The Social Doctrine of the Church is something huge: you get the feeling it must take years to study it, years to understand at least part of it and more years to begin to put it into action. Yet it seems so important to try, because the world is in bad shape, the poor are suffering, and you want to do something!
But just as you can ask your iPhone: “Hey, Siri, how many cups in one quart?”, so too can you peruse Benedict XVI’s works and find what you’re looking for, even when reading with something else in mind.
And this is what I found:
DEUS CARITAS EST
THE PRACTICE OF LOVE
BY THE CHURCH
AS A “COMMUNITY OF LOVE”
27. It must be admitted that the Church’s leadership was slow to realize that the issue of the just structuring of society needed to be approached in a new way. (…) In 1891, the papal magisterium intervened with the Encyclical Rerum Novarum of Leo XIII. This was followed in 1931 by Pius XI’s Encyclical Quadragesimo Anno. In 1961 Blessed John XXIII published the Encyclical Mater et Magistra, while Paul VI, in the Encyclical Populorum Progressio (1967) and in the Apostolic Letter Octogesima Adveniens (1971), insistently addressed the social problem, which had meanwhile become especially acute in Latin America. My great predecessor John Paul II left us a trilogy of social Encyclicals: Laborem Exercens (1981), Sollicitudo Rei Socialis (1987) and finally Centesimus Annus (1991). Faced with new situations and issues, Catholic social teaching thus gradually developed, and has now found a comprehensive presentation in the Compendium of the Social Doctrine of the Church published in 2004 by the Pontifical Council Iustitia et Pax. Marxism had seen world revolution and its preliminaries as the panacea for the social problem: revolution and the subsequent collectivization of the means of production, so it was claimed, would immediately change things for the better. This illusion has vanished.

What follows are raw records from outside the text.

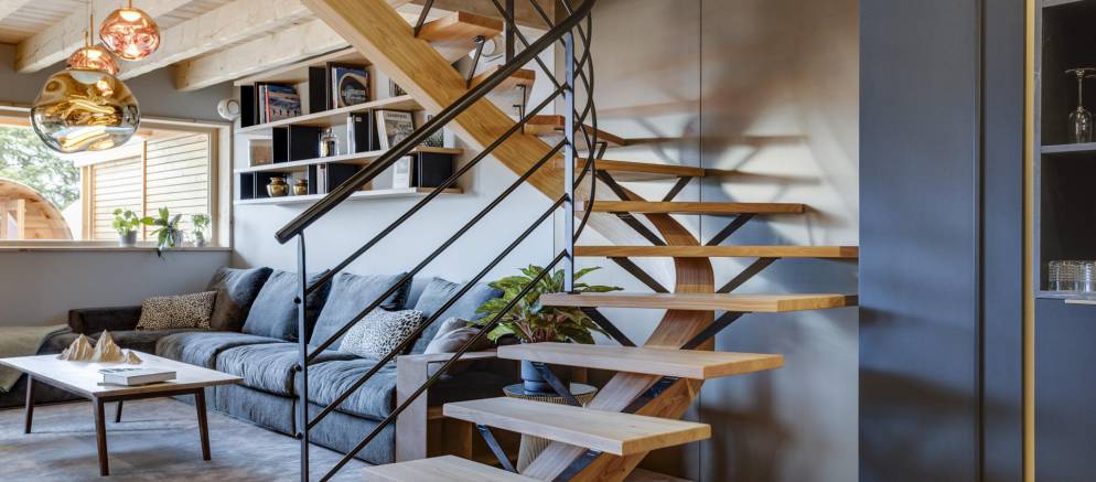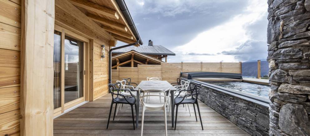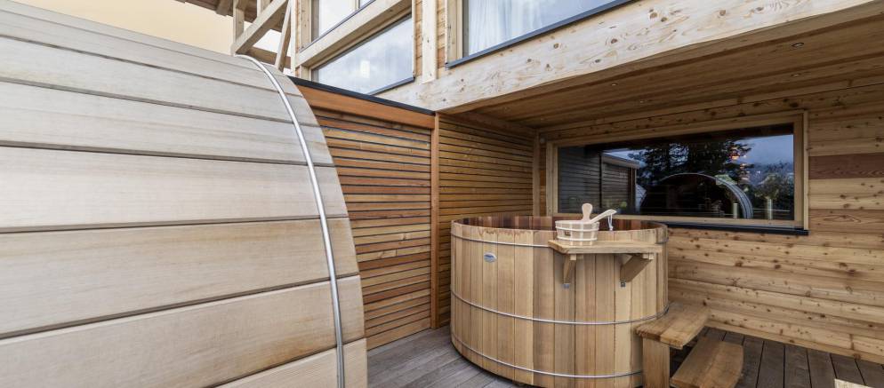 The living room opens out onto a wide terrace that invites you to unwind and refresh in an array of spa facilities. Take a dip in the swimming pool, let the warmth of the barrel sauna ease-tired muscles, before sinking into the fun of the Nordic hot tub. In the warmer spring months, the outdoor dining table invites you to dine al fresco.
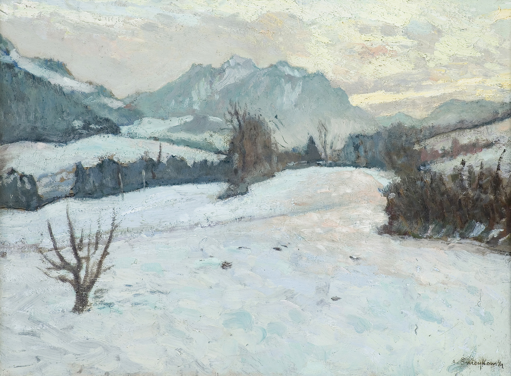 ALFRED ŚWIEYKOWSKI (Paryż 1869 – Paryż 1953) francuski malarz, którego ojcem był polski emigrant. Malarstwa uczył się w Państwowej Wyższej Szkole Sztuk Pięknych u Fernanda Cormona. Brał udział w licznych Salonach Artystów Francuskich między 1894 a 1921 rokiem. W 1937 roku zdobył złoty medal podczas swojej indywidualnej wystawy. Był malarzem wszechstronnym, który oprócz pejzaży (m.in. z Paryża, Normandii, czy Alp) malował również portrety, martwe natury oraz wnętrza.
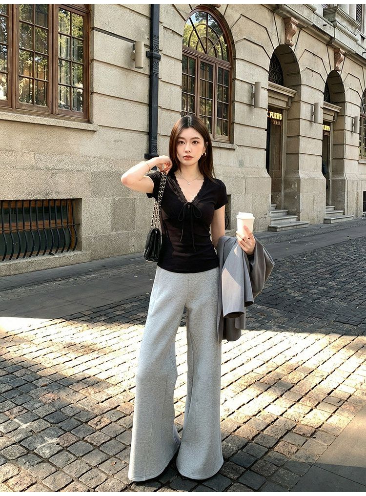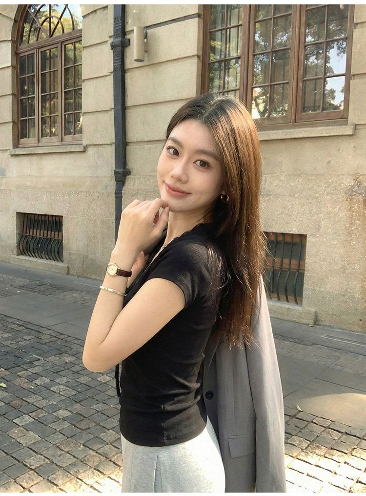 RY2758# 短袖t恤女2026新款夏季黑色短款修身蕾丝拼接漂亮纯棉V领绑带上衣

In today’s complex situation, not least because of the growth of a globalized economy, the Church’s social doctrine has become a set of fundamental guidelines offering approaches that are valid even beyond the confines of the Church: in the face of ongoing development these guidelines need to be addressed in the context of dialogue with all those seriously concerned for humanity and for the world in which we live.
When I was just trying to understand a little more about God’s love, here’s the practical definition and list of titles I needed to start studying the Social Doctrine of the Church!
It doesn’t mean that I’ve mastered it. But from now on, I’m walking confidently in the footsteps of an outstanding teacher. A few more years and maybe I can do something for the world.